5 Ways to Eat Healthy When You Just Don't Have the Time (or Energy) to Cook
Show me one person who’s not busy today and I’ll give you a dollar. The enthusiastic interns are busy. The industrious corporate worker is busy.The stay-at-home mommy of 3 is busy. The sagacious grandparents are busy. Hell, even toddlers are busy these days with their play-dates and yoga classes.
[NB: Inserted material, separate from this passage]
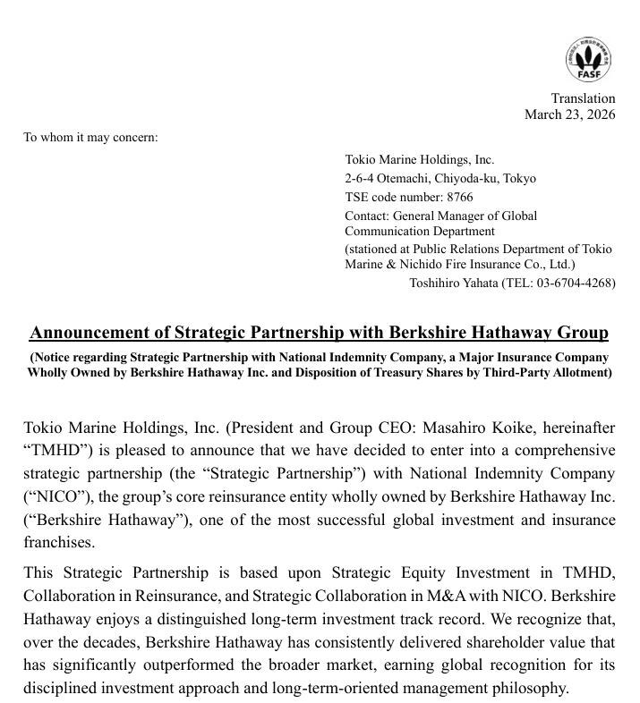 3月23日,东京海上控股发布公告称,公司将与伯克希尔建立全面战略合作伙伴关系。作为战略合作的基础,伯克希尔旗下核心再保险实体National Indemnity将收购东京海上控股已发行流通股2.49%的股份。交易金额为2874.1亿日元(约18.1亿美元),初始股份将通过处置东京海上控股持有的库存股份进行配售。

Well, at least they have the luxury of yoga or ballet. I mostly spend my weekdays slogging it off, eagerly waiting for the weekends, just so I can spend the 2 days washing clothes and doing the dishes. Some days I sneak in a little movie time somehow, and that feels like an achievement to me. I’m perpetually running from pillar to post and yet I never find time to do anything properly. I’m done bathing before the water has even said hello to my skin and I’m done eating a meal from my toast-only-diet before the first bite reaches my stomach. I make all kinds of toasts – peanut butter, chilli cheese, bacon and mushroom, prawn and sesame – and they all come from a dressing jar.
But I’m tired now…so are my internal organs, skin, and hair. I’ve been meaning to get my life in order and for once, do the right thing for my body and mind. Therefore, as I made tiny changes to my routine that brought on a massive change to my health, I decided to document it here, so one day it can help someone else bring about a change in their lives.
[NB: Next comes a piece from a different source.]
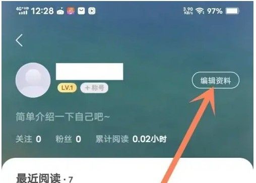 打开速读免费小说app个人主页,点击上方“编辑资料”图标。

On that note, here are 5 ways to eat healthy when you just don’t have the time (or energy) to cook.
- Choose pre-cut.
2. Never skip breakfast.
I really want to state the most clichéd breakfast quote here (and my hands are itching!), but I’ll skip it because we know it all too well. If there is one thing you would do for me, then it should be finding time for breakfast each morning. Fruits in yoghurt, peanut butter toast, scrambled eggs or green smoothies take a mere 5 minutes to prep and keep your metabolism strong.
3. Utilise the freezer.
Oh, the wonders of the freezer! Did you know that research recently found that frozen foods have the same amount of nutrients as fresh food before freezing, and the process causes no loss of nutrition at all. You know what that means? That means you won’t have to waste time making a list, shopping, waiting in queue for billing, and dragging heavy bags back home every week.
All you have to do is shop once a month and you can freeze most ingredients. Also, some frozen foods available at supermarkets work equally well -
Frozen vegetables like broccoli, spinach, peas, and carrots without any sauce, frozen fruits like strawberries, raspberries, blueberries (without sugar), frozen shrimp, and frozen yoghurt.
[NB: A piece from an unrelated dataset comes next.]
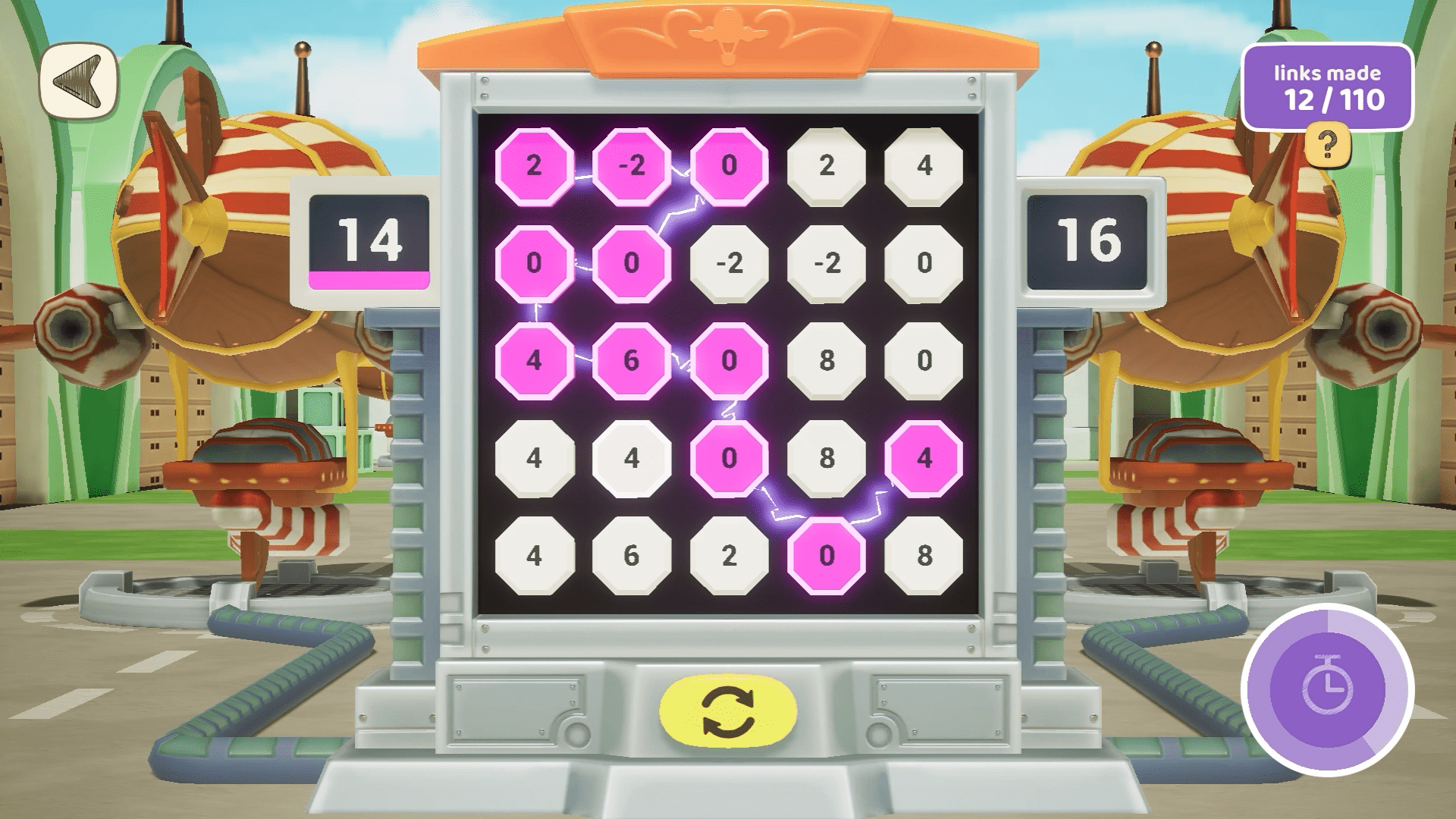 In the Town Squared Airport activities, children use addition or subtraction skills to link numbered cells in a grid, to create a chain that equals a target number. Once the target number is achieved, those cells drop away and the grid is repopulated, ready for the child to find another way to make the target number. This core interaction is referred to as a “game mechanic”. Starting with single digits and simple addition tasks, the game increases in complexity so kids are thinking hard about how to combine numbers to achieve the target. The game is wonderfully satisfying to play and can become quite fast-paced and complex at advanced levels.

4. Try one-pot recipes. They never disappoint.
If you’ve at least tried cooking before, then you know that the most frustrating part about cooking isn’t cooking itself. It’s a sink full of dirty dishes. So, what do you do? Go one-pot! There’s no paucity in one-pot recipes online. You can literally make anything in one pot – from soups and stews to pastas and lasagne.
5. Order takeout, when you have to.
…and with no guilt. Just remember to be smart about it. Order a well-rounded meal with sufficient proteins, fibre, fats, and carbohydrates- and you have nothing to worry about.
I know that it almost feels counter-intuitive to think that healthy living can be effortless. But I’m not here to tell you that it’s easy; I’m just here to remind you that the words ‘healthy’ and ‘unhealthy’ aren’t black and white. Just as eating broccoli doesn’t make you healthy, eating a muffin won’t make you unhealthy either. All I want to tell you today is that there is always room for improvement and if a healthier living is your goal for this year, then you’ve got the right training to set on the path. Good luck!